Any suggestions on how to remove green algae from the walls of an acrylic aquarium? I've thought of 100 different ways, but I'm looking for the best and cleanest way to remove it without scratching the tank. 

Yes it's my fault. I left the light on too long, 2 days in a row.

Thanks!


----------



## Daz (Sep 20, 2006)

Use one of them blue and white soft checkered clothes, but if you have sand becareful not to agitate the sand first.


----------



## jones57742 (Oct 31, 2006)

My tank is acrylic and 30" deep.
I have had good luck with
http://www.magnavore.com/magnets.html.

I have also used an expired credit card.

TR


----------



## Shooter311 (Feb 13, 2007)

I used a razor blade, and I had no trouble.


----------



## Lupin (Aug 2, 2006)

Shooter311 said:


> I used a razor blade, and I had no trouble.
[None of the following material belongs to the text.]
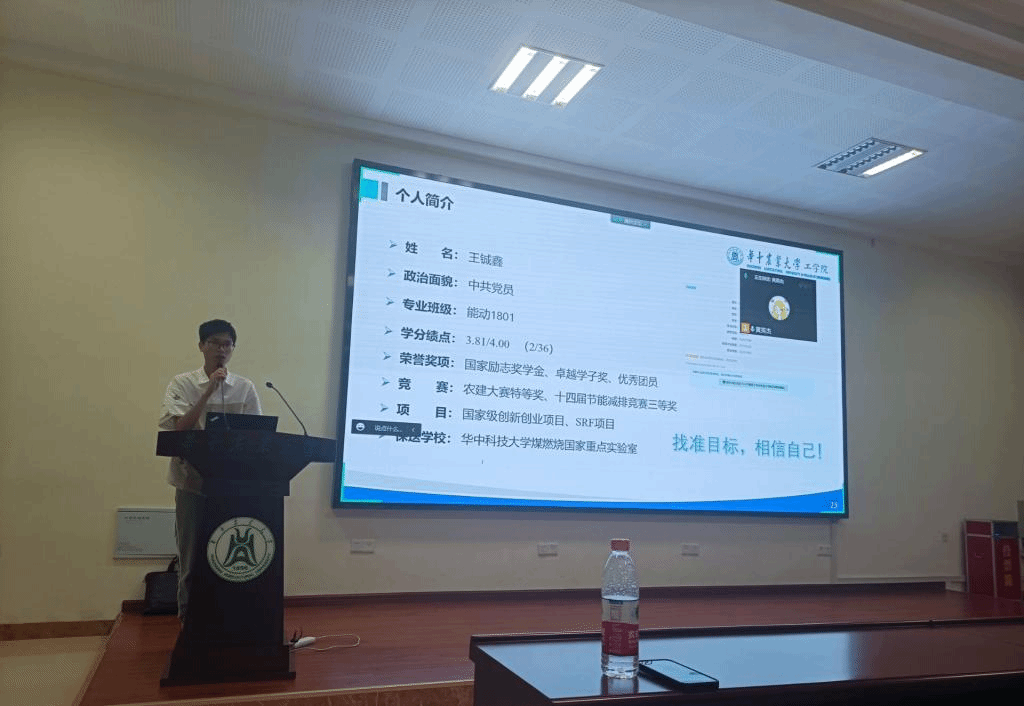 王一坤同学通过自己高分考取本校硕士研究生的经历为同学们从初期准备、科目管理、时间规划和注意事项四个方面详细介绍了自己的考研经验,干货满满。考取华中科技大学的王国程同学告诉大家:“考研并不难,难点在于自觉”,同时给大家分享了考研过程中目标的确定、心态的调整、学习进度的规划等方面的经验,重点强调了考研是场信息战,并提醒同学们去芜存菁,及时筛选出对自己有用的信息。“当你觉得很累的时候,说明你正在走上坡路,”赵晓静同学分享了自己考取中国农业大学的经历,详细介绍了考研资料获取、时间进度、课程复习等方面的经验,“建议同学们注意身体健康、保持积极心态,才能应对随考研而来的风险和挑战,”赵晓静同学说道。考取中南大学的邓伟其同学表示,选择一所适合自己的学校有时候比努力更重要,并从院校选择、专业课、英语、政治复习方法上进行了具体介绍并分享了宝贵的经验。

Was that with acrylic? Acrylics get scratched easily by razor blades.


----------



## musho3210 (Dec 28, 2006)

if possible, the best way in removing algae is to use a fish that eats it, if it is not possible you can go to your lfs and get some algae scrubbers made for acrylic aquariums


----------



## Andyandsue (Jan 23, 2007)

I'm aware of the obvious answers like go to the store and buy one, I am looking for the more creative ones like using an expired credit card. I'm not going to use a razor though, that would definitely scratch acrylic.

Sometimes the best suggestions are the least obvious ones. :wink:


----------



## Andyandsue (Jan 23, 2007)

jones57742 said:


> My tank is acrylic and 30" deep.
> I have had good luck with
> http://www.magnavore.com/magnets.html.


They look great, but almost as expensive as my tank!


----------



## lioness501 (Jan 9, 2007)

i use an algae magnet. they r simple and quick with no mess! tho u have to watch the fish a few have run into the side the goes into the tank.


----------



## blueblue48 (Dec 18, 2006)

what i do is mix man made algae cleaning with natural!! i use my special sponge for fish tanks on the front wall so you can see the fish clearly and then id buy a snail (mystery or ramshorn?) to do some work because there really cool and very low maintance.


----------